Chicago, anni del proibizionismo. Due immigrati polacchi (Richard Conte e George Tyne) sono accusati dell'omicidio di un poliziotto, ucciso in circostanze poco chiare. Diversi anni dopo, un reporter volenteroso (James Stewart) s'interessa del caso poco convinto che sia stata fatta giustizia.

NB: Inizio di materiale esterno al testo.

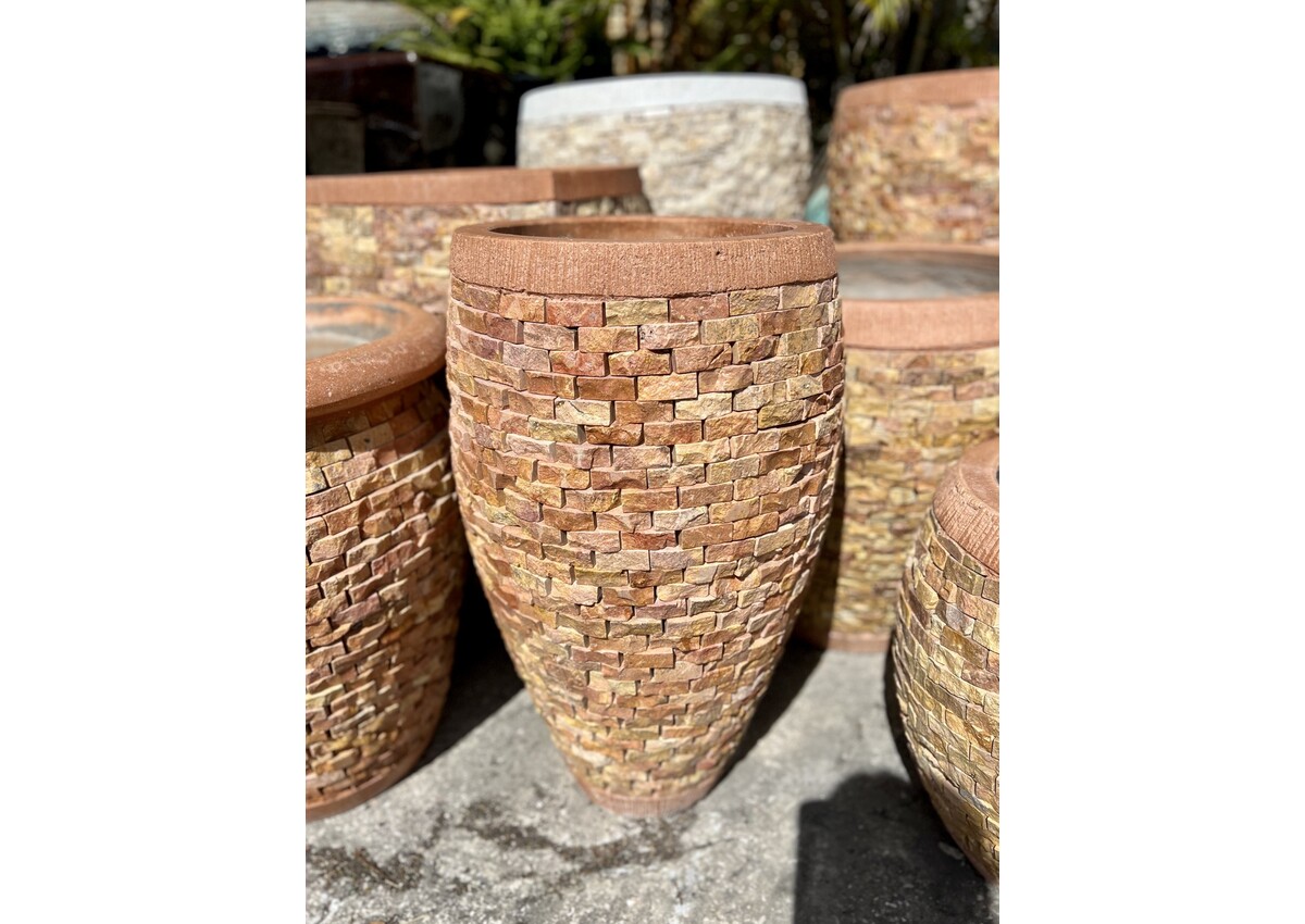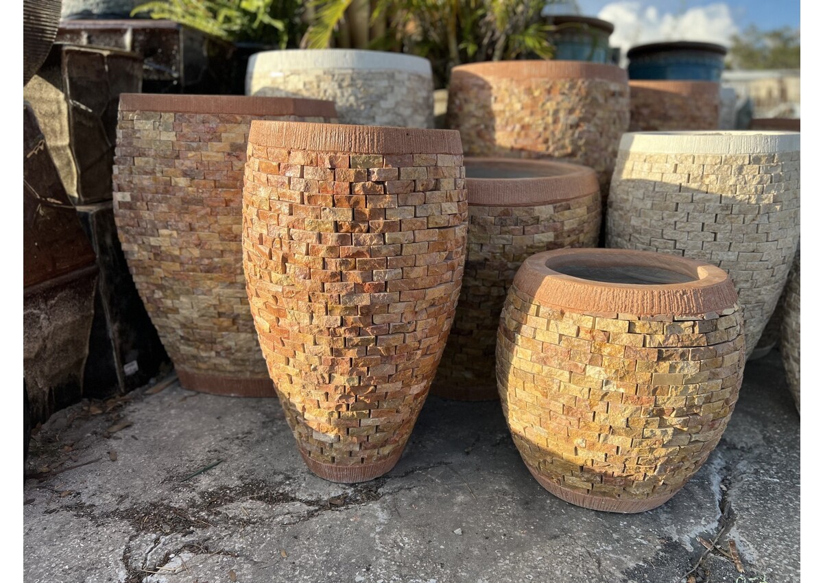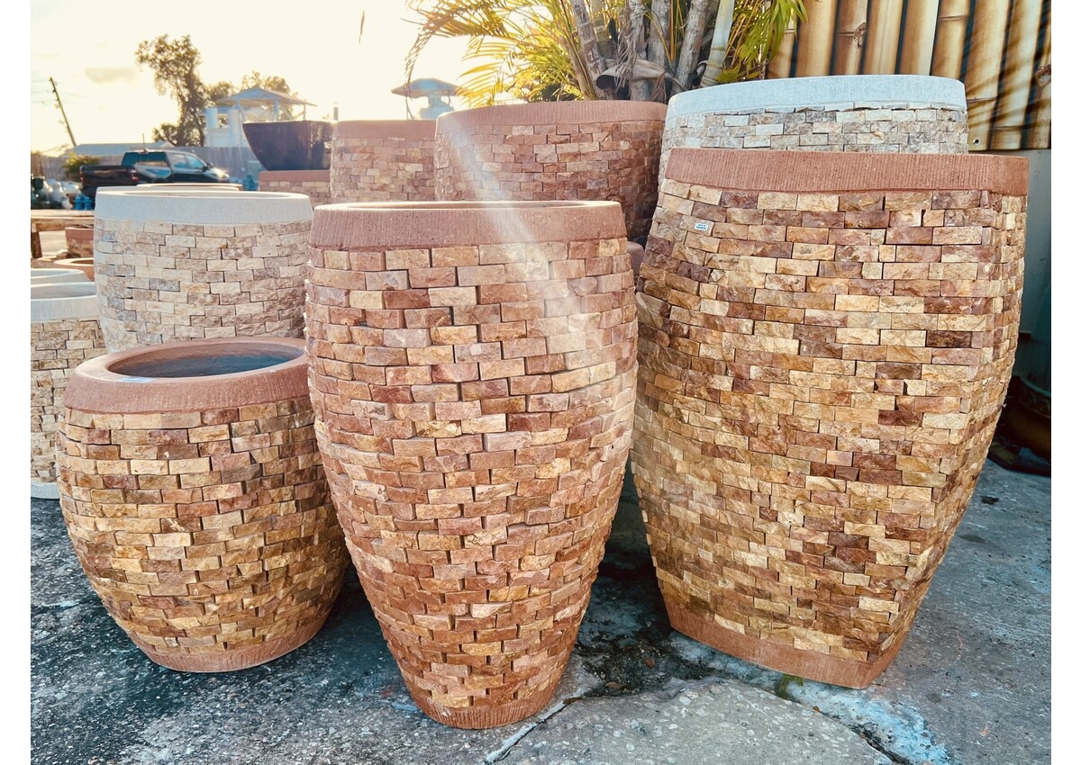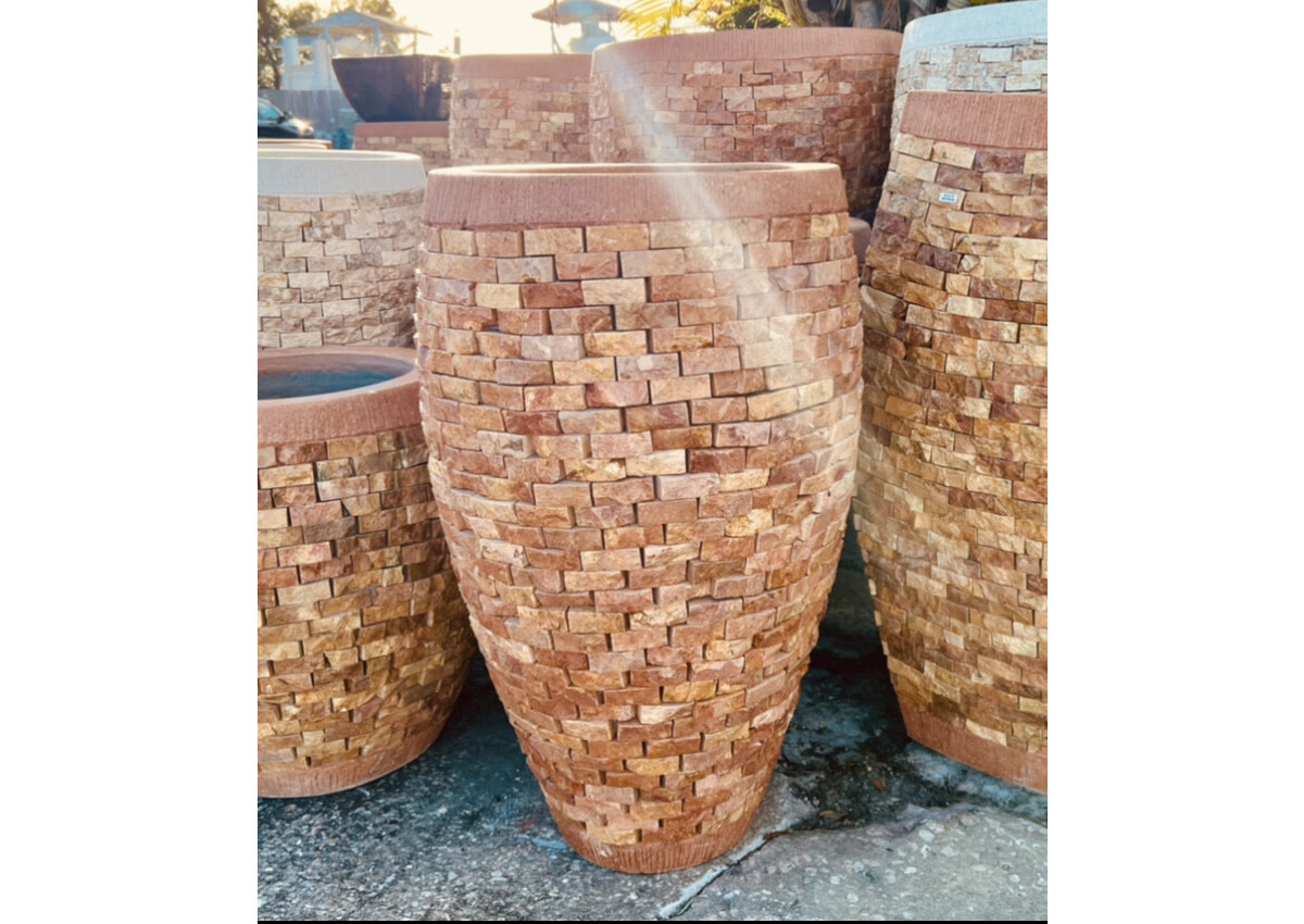 Handmade stacked pebble stone round planter with rose stones. A unique addition to your lanai or landscape design. A show stopper piece. Standing 28 inches high by 16.5 inches wide. 225lbs

Ispirato a una storia vera, un film quasi unico nella storia del genere noir. Henry Hathaway non si limita a una messinscena realistica, ma mescola la finzione col documentario per dare maggiore credibilità al tutto: una scelta (seppur non nuova nella carriera del regista, che già la utilizzo ne La casa della 92ª strada del 1945) perfetta per rendere al meglio quella ricerca di verità assoluta a cui tende il giornalista protagonista. Hathaway gira senza fronzoli, ben supportato dall'elegante fotografia di Joseph MacDonald, che gioca con la luce e crea curiosi contrasti visivi dal respiro espressionista. Se l'andamento è serrato, il merito va anche a una maestosa scrittura dei personaggi, tra i quali – accanto al reporter interpretato da James Stewart – svetta Tillie Wicek (Kasia Orzazewski), madre di uno dei due condannati (Conte). È una figura disperata, con cui è facile empatizzare, disposta a mettere da parte ogni moneta guadagnata faticosamente per provare l'innocenza dell'amato figlio. Il risultato è indimenticabile, e non soltanto per la “tecnica mista” utilizzata. Musiche di Alfred Newman.